The Details of the Question

- My mother and father fight for very silly reasons. They are perhaps the most ridiculous reasons you will ever hear in your life. What do you recommend?

The Answer

Dear Brother / Sister,

1) There may be conflicts from time to time in every bilateral relationship; what matters is to learn from the experiences.

As in any bilateral relationship, there may be arguments and conflicts from time to time in the husband-wife relationship. What matters is to learn from the mistakes of others as well as from one’s own mistakes and not to do the same again.

It is also a lesson that you, as an outside observer, learn due to what simple reasons your parents fight. I hope your parents will see their mistakes in time and learn to talk without fighting.

On the other hand, if there is an argument in a family, it means that husband and wife can still talk to each other. It is better for them to argue from time to time rather than being cross with each other and not talking at all.

2) The children should not take sides in their parents’ fights.

You should not take sides in your parents’ fight because although this issue deeply affects the peace of children, it is the problem of your parents in the first place.

Besides, as a child, you might not really know who is right and who is wrong. Only an expert can understand this issue.

Also, if you are a party of the fight, you will have to distance yourself from one of your parents. In that case, you will feel guilty and disturbed about it.

However, children need a healthy relationship with both their parents for their mental and physical development.

Parents can also be very offended and resentful because of their children’s involvement.

3) Never interrupt and say anything when they have fights and arguments.

They might misunderstand your intervention when they argue violently because they are very emotional and angry at that time.

They might also be unable to control their anger and scold you or say something that will break your heart.

Therefore, the best thing to do is to withdraw to your room and not witness the argument.

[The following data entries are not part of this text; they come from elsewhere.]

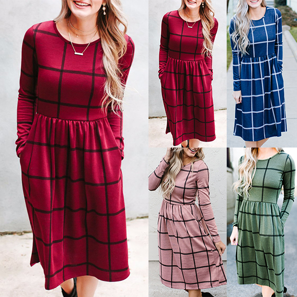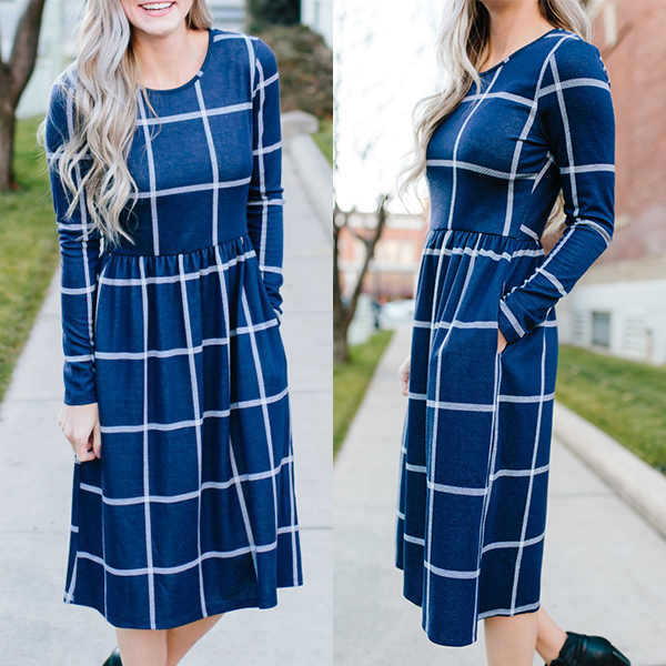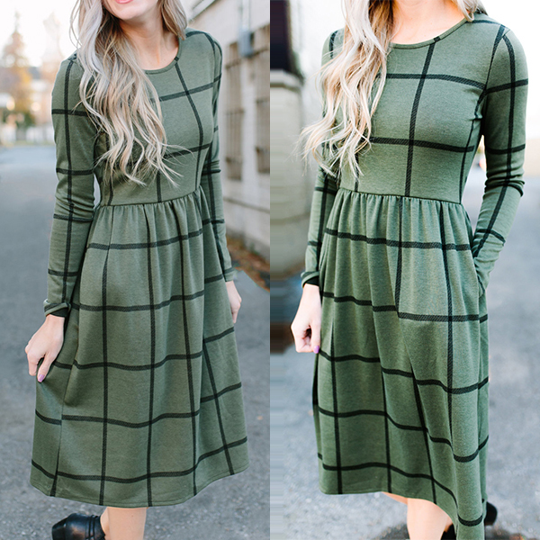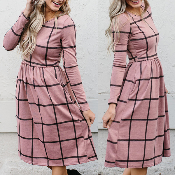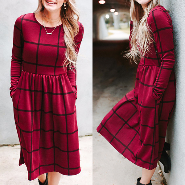 Plaid style,outfitted with long sleeve,round neck and high waist design,this dress is sure to give you a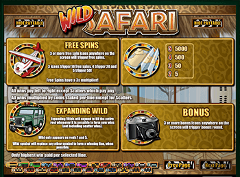 Игровой автомат Wild Safari обеспечит игроков дикими эмоциями. Помогут в этом особые символы слота – Вайлд, Скаттер и Бонус. Ими стали слон, носорог и лев. Впечатляет бонусная игра, в ней игрок выберет локацию для фото и зверей, которых захочет сфотографировать. За них и зачисляются выплаты. «Вишенкой» игры станет рисковый раунд, который после каждого удачного спина станет подспорьем для увеличения выплат за него в два раза.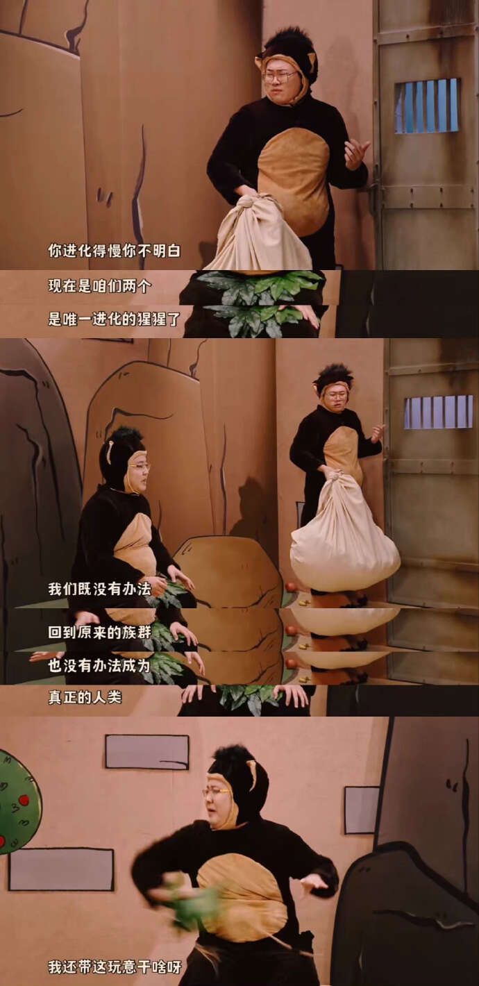 第一次出场的《大巴车上的奇怪邻座》上来就是不讲道理的漫才题材,没有逻辑没有故事,但就是能让人一顿爆笑。《父亲的葬礼》是许多观众在第一季节目里最喜欢的作品,荒诞中透着哲理,好笑里包着亲情,几乎是堪称完美的一个舞台。今年的第一个作品《代号大本钟》,跳出了荒诞漫才式的舒适圈,兼顾故事性和逻辑,不仅仅是很好笑。接着表演的《进化论》,创意性、荒诞感和讽刺性更上一层楼。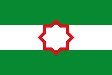 Keywords: Andnac3.svg One version of flag of Andalusian nationalism 2006-12-20 own assumed Murraybuckley Andalusian nationalism Other flags of Andalusia Flags with Rub El Hizb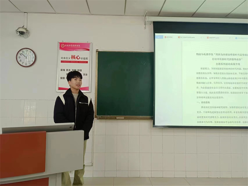 会议伊始,结合雷锋精神的由来以及自己对雷锋精神的认识,主持人向大家生动阐明了学习雷锋精神的重要性,并强调国家与社会的不断发展、进步都需要弘扬与践行雷锋精神,我们作为当代青年更应该了解雷锋精神的时代内涵,把雷锋精神内化于心,外化于行,落实到日常行动中。紧接着,主持人就传承雷锋精神对团学会队伍提出了要求,作为学生组织更应该弘扬雷锋精神、更好地发挥干部模范带头作用,不断发展壮大学雷锋志愿服务队伍。会议最后,同学们积极响应,纷纷表示,将号召更多的人一起践行雷锋精神,更好地服务同学、服务社会,展现当代大学生的良好精神风貌。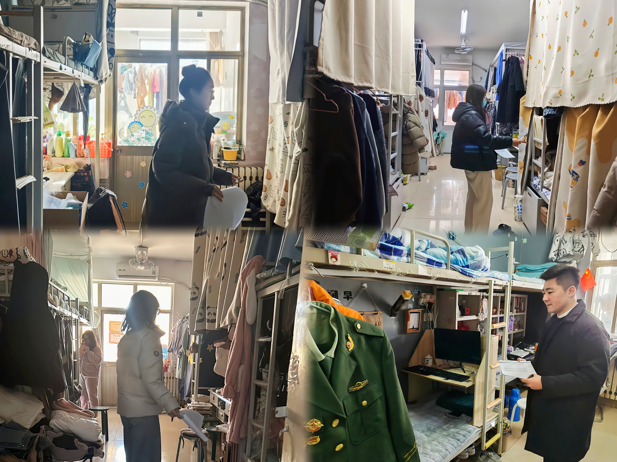 各辅导员走进学生宿舍,深入了解学生生活环境,检查各项宿舍安全问题。活动过程中,辅导员老师和志愿者共同就宿舍内是否有私自接拉电线行为、宿舍内是否存在人走不断电现象、宿舍卫生是否整洁等问题逐一检查,对出现的相关问题进行记录并提醒相关学生进行整改。同时各辅导员认真检查学生宿舍的基础设施老化、破损问题,确保学生住宿安全。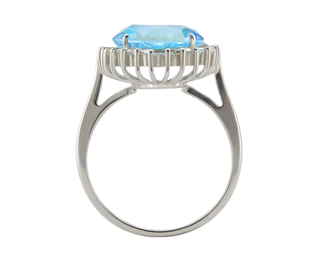 STERLING SILVER RING SET WITH 01 TOPAZ AND 24 WHITE SAPPHIRES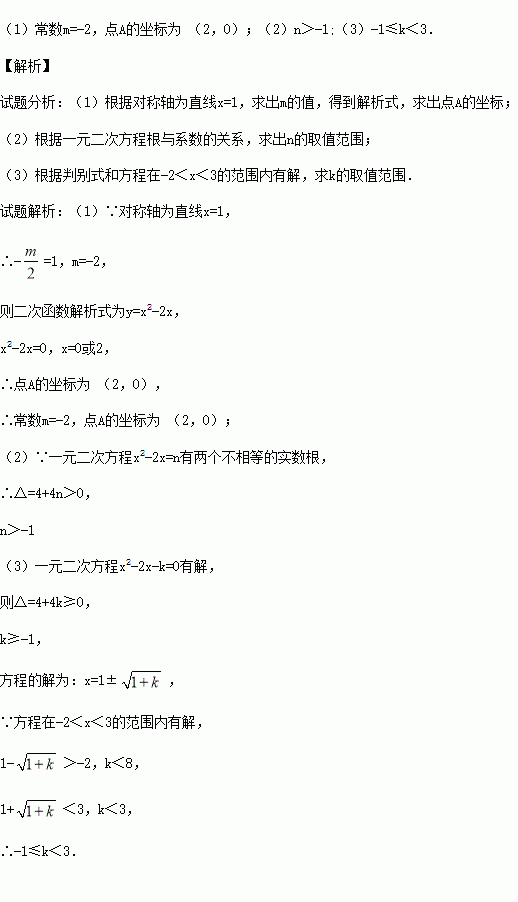 (3)若关于x的一元二次方程x2+mx-k=0(k为常数)在-2<x<3的范围内有解,求k的取值范围.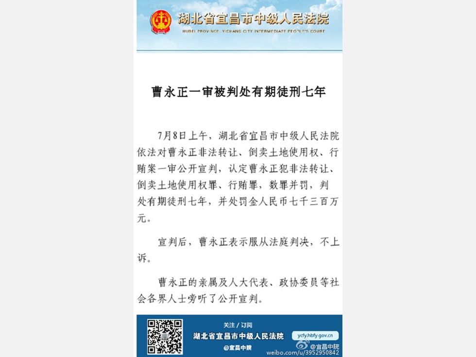 曹永正案7月8日上午由湖北宜昌中院宣判了,这个曾经审理了周永康之子周滨、之妻贾晓晔、之侄周锋的法院,再次因为周案受到了关注。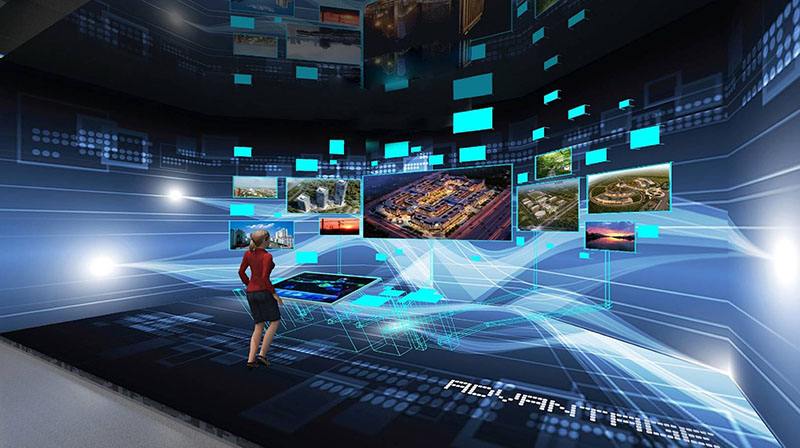 使用多臺投影機投射環形影院,觀眾身處環幕中間,視覺完全被包圍,再配合環繞立體聲系統,使觀眾充分體驗一種高度身臨其境的三維立體視聽感覺,獲得一具有高度沉浸感的可視環境。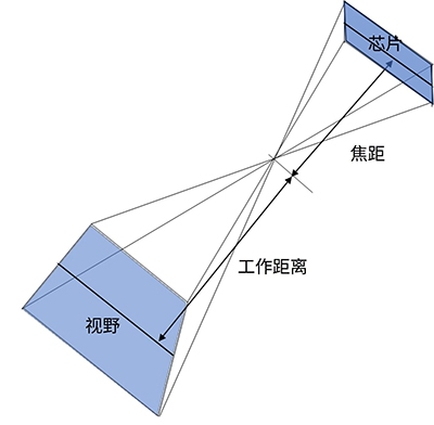 依据芯片尺寸信息、需要的中间视野、相机工作距离可以大致确定镜头的焦距(简化为下图所示的相似三角形计算)。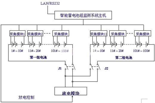 與電池巡檢儀不同,在這個(gè)系統(tǒng)增加了一個(gè)放電模塊,放電模塊能承受較大的沖擊電流,它接收監(jiān)控主機(jī)的放電命令,接通放電回路,電池通過負(fù)載放電,同時(shí)采集模塊將采集每節(jié)電池電壓的變化,在主機(jī)中得到了每節(jié)電池內(nèi)阻特性曲線。放電模塊也可作為長時(shí)間放電負(fù)載,實(shí)現(xiàn)對電池容量的核對性測試及整組電池的活化處理。這個(gè)系統(tǒng)實(shí)現(xiàn)對蓄電池全方面的監(jiān)測和維護(hù)管理。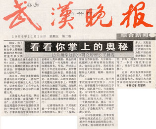 1994年11月18日,《武汉晚报》刊登“看看你掌上的奥秘”。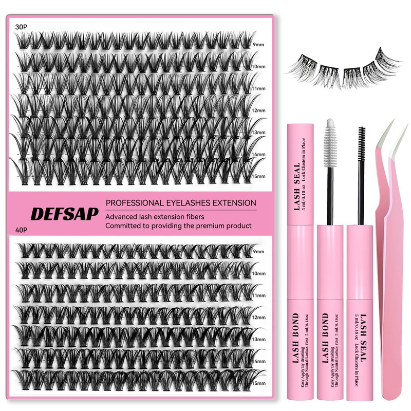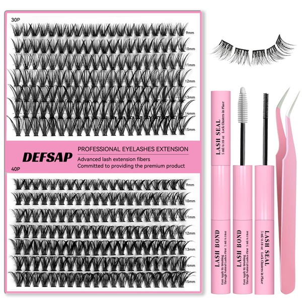 DEFSAP DEFSAP DIY Eyelash Extension Kit, 240pcs lash Extension Kit 9-15mm Mix, 30D 40D Curl Individual Lash Clusters with Bond, and Tweezers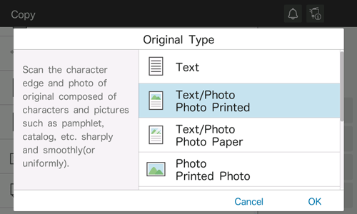 [Text/Photo - Printed Photo] | Copies the original, which consists of text and photos, at the optimum level of image quality. This function sharpens the edges of each character and reproduces smoother photos. Select this option to scan printed originals such as brochures and catalogs. |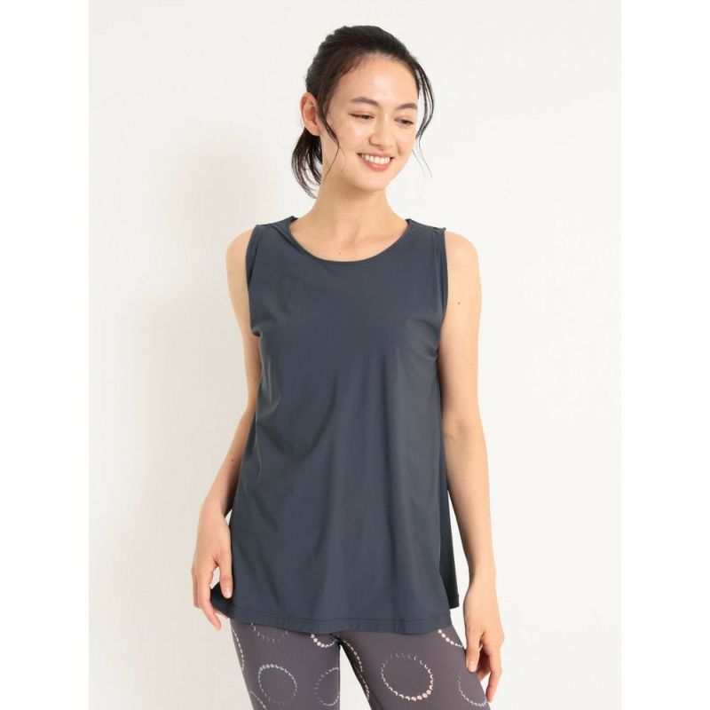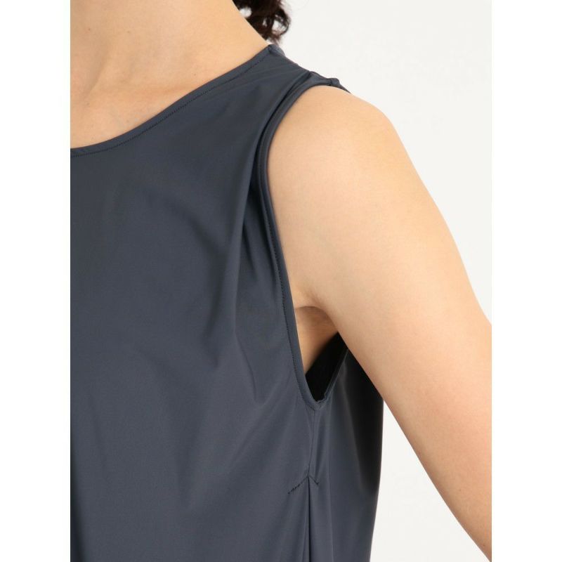 首、肩周りはスッキリ、裾にかけてAラインに広がったノースリーブは、おしりが隠れる安心丈。月柄のソフィーレギンスと合わせるのがおすすめです。

4) You can discuss the issue with your parents without blaming them.

You can discuss the issue with them at a dinner or tea time, or any other suitable occasion, with a calm tone of voice, without getting angry, without crying, without blaming either of them.

For example, you can speak as follows:

“Dear mom and dad! I love you so much; it is good to have a mom and dad like you but when you fight often, I get very upset and very worried. Therefore, I cannot focus on my studies. I always have your arguments and fights in my mind. Could you please argue a little less for me?”

You can also talk about how you feel and how you are affected when they fight because your parents probably do not realize how much you are affected.

Thus, if you form awareness in them, they can at least keep the fight to a minimum so that you, the children, will not be affected.

5) You can talk to your parents one by one and suggest solutions according to your age.

If you are an adult, you can talk to your parents one by one and say that they can resolve the issues they discuss with a solution-oriented communication language.

You can tell them to try to understand each other, to listen, to accept that each of them may have valid points.

In addition, it would be good for you to advise them to see a religious, competent psychologist. Since we consult an expert on every issue, it is clear that it will be a good way to consult an expert.